#### Task description
Could you copy exactly the lines below from the one with "Welcome to this" to the one with "1 Year Warranty", inclusive, leaving out any pictures?

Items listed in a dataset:
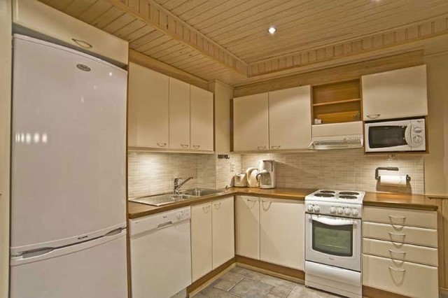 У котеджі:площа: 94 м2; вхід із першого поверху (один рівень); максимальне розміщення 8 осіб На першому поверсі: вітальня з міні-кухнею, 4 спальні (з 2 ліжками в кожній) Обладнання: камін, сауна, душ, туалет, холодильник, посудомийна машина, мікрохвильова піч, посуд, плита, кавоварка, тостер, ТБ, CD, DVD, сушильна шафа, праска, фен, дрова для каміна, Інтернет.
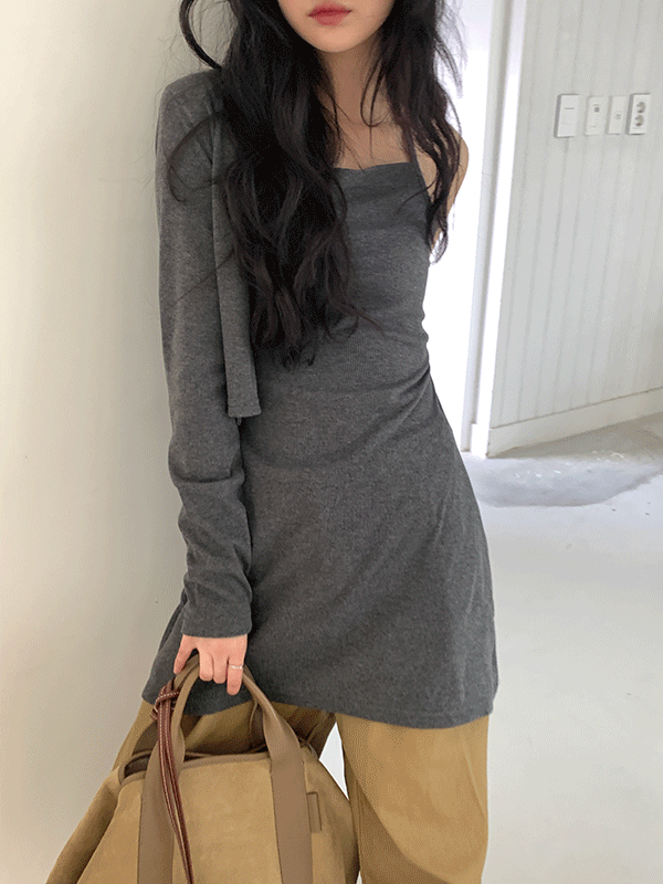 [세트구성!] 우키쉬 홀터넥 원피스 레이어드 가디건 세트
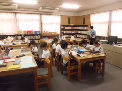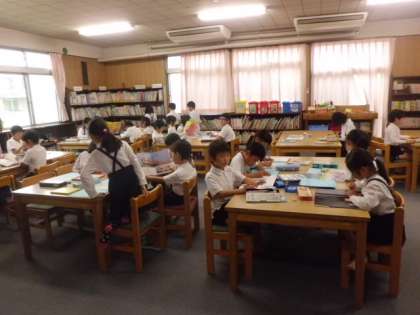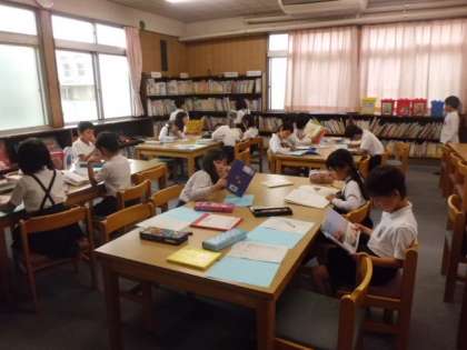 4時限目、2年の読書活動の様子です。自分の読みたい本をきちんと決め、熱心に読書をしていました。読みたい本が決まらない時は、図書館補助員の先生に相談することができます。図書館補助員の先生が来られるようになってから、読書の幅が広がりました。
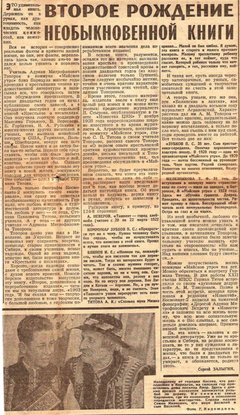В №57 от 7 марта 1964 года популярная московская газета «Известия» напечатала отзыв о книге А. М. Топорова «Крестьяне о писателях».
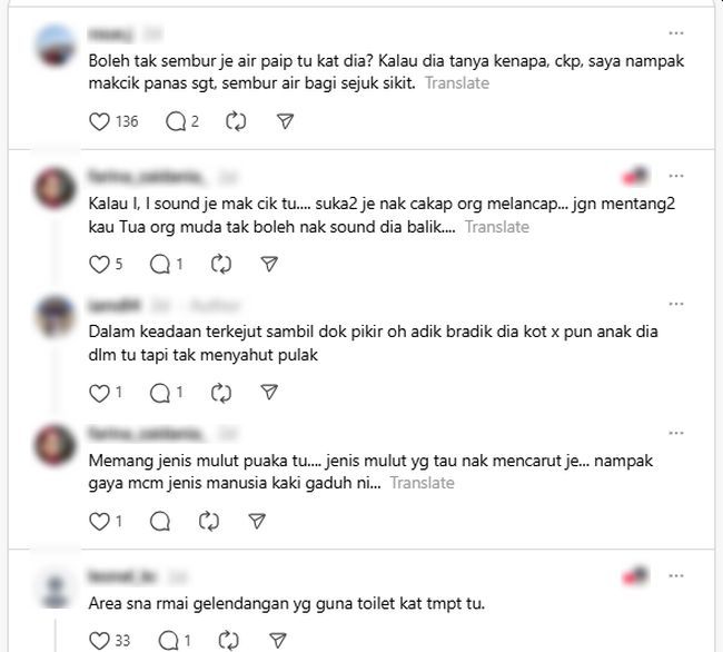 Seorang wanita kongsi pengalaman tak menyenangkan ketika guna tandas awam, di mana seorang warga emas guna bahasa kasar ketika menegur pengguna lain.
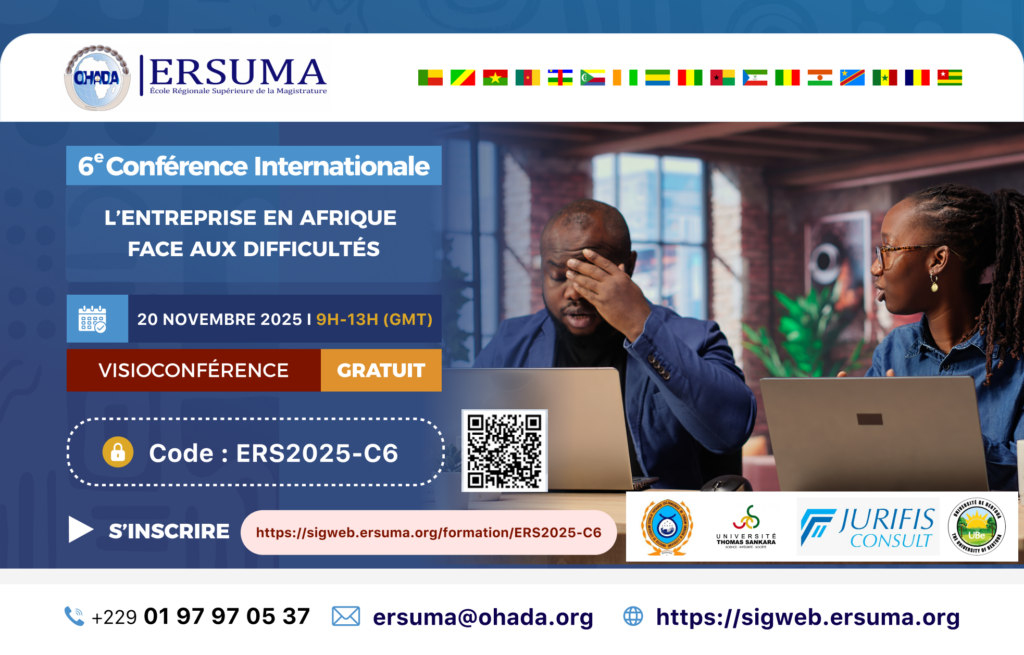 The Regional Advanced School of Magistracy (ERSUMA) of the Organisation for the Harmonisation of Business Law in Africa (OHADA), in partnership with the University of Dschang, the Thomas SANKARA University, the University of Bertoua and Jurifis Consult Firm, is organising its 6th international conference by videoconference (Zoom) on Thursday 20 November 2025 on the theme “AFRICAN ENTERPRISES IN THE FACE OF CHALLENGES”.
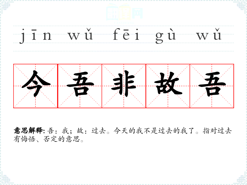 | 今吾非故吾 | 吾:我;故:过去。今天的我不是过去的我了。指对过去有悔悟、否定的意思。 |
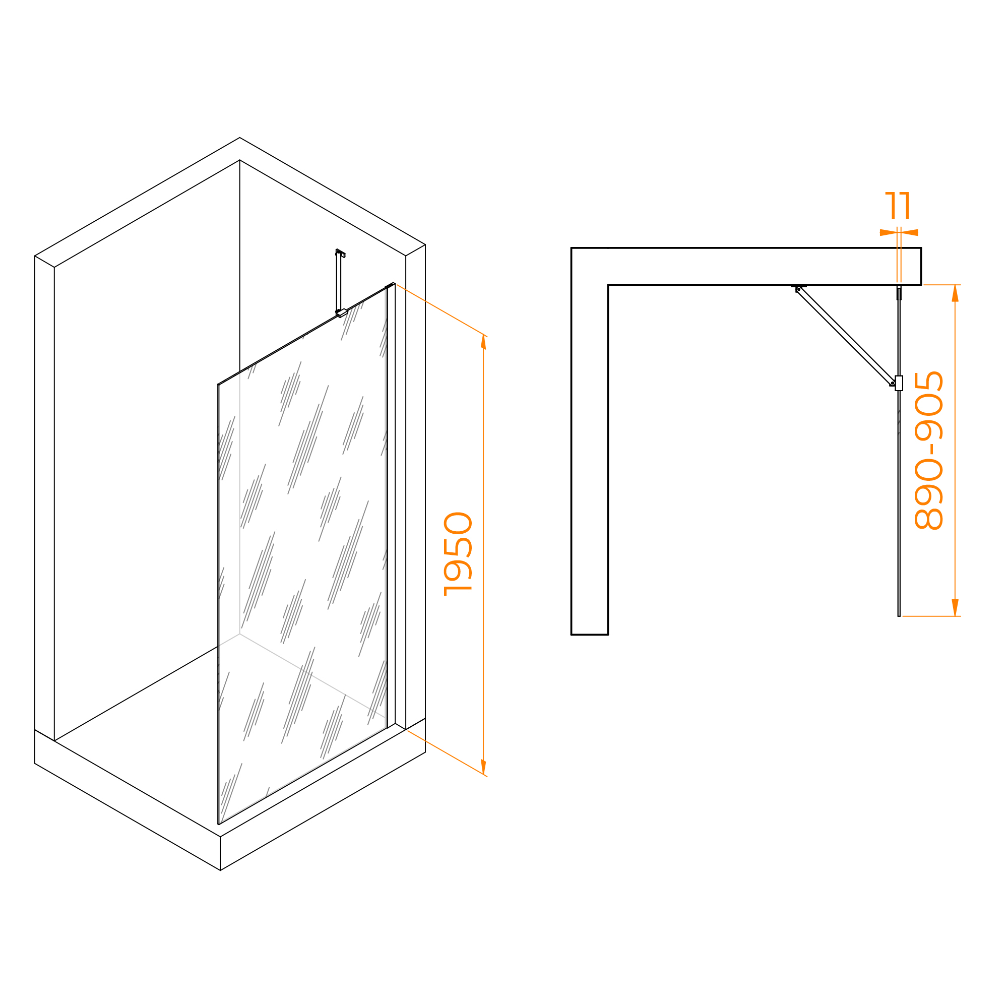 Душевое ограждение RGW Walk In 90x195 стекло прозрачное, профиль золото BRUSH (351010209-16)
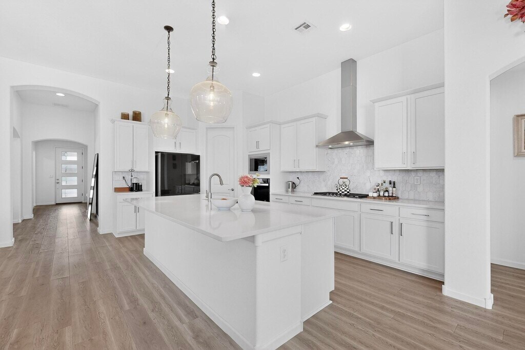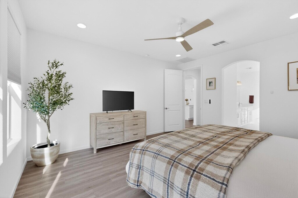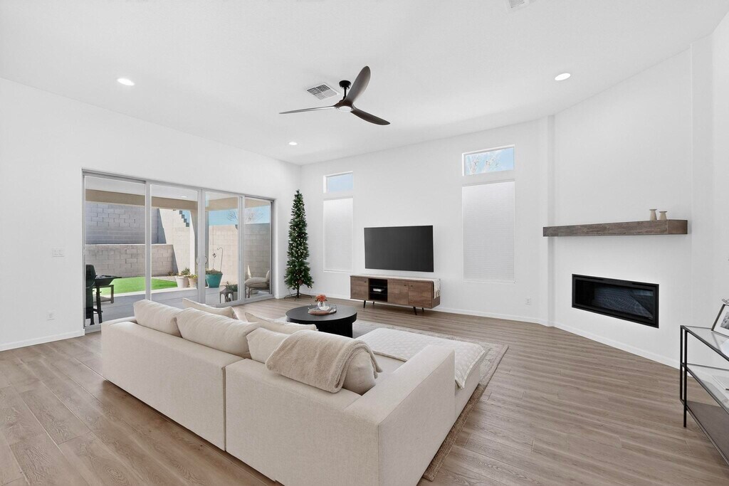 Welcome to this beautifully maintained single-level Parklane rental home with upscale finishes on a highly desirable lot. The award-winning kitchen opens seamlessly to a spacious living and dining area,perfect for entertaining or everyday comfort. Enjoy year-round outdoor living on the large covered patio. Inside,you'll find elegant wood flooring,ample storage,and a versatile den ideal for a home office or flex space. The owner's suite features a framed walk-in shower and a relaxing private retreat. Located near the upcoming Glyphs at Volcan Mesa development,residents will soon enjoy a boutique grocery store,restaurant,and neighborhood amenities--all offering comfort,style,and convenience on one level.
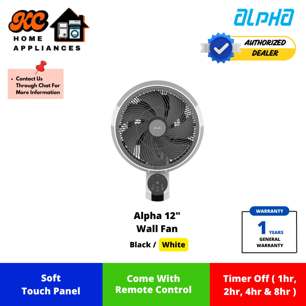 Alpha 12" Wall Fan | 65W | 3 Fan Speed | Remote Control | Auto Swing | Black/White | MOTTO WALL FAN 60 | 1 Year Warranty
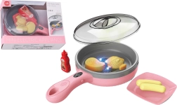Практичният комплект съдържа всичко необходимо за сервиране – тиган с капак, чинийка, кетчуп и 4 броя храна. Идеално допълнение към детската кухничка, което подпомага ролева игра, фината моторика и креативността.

#### Answer section
 Welcome to this beautifully maintained single-level Parklane rental home with upscale finishes on a highly desirable lot. The award-winning kitchen opens seamlessly to a spacious living and dining area,perfect for entertaining or everyday comfort. Enjoy year-round outdoor living on the large covered patio. Inside,you'll find elegant wood flooring,ample storage,and a versatile den ideal for a home office or flex space. The owner's suite features a framed walk-in shower and a relaxing private retreat. Located near the upcoming Glyphs at Volcan Mesa development,residents will soon enjoy a boutique grocery store,restaurant,and neighborhood amenities--all offering comfort,style,and convenience on one level.
 Alpha 12" Wall Fan | 65W | 3 Fan Speed | Remote Control | Auto Swing | Black/White | MOTTO WALL FAN 60 | 1 Year Warranty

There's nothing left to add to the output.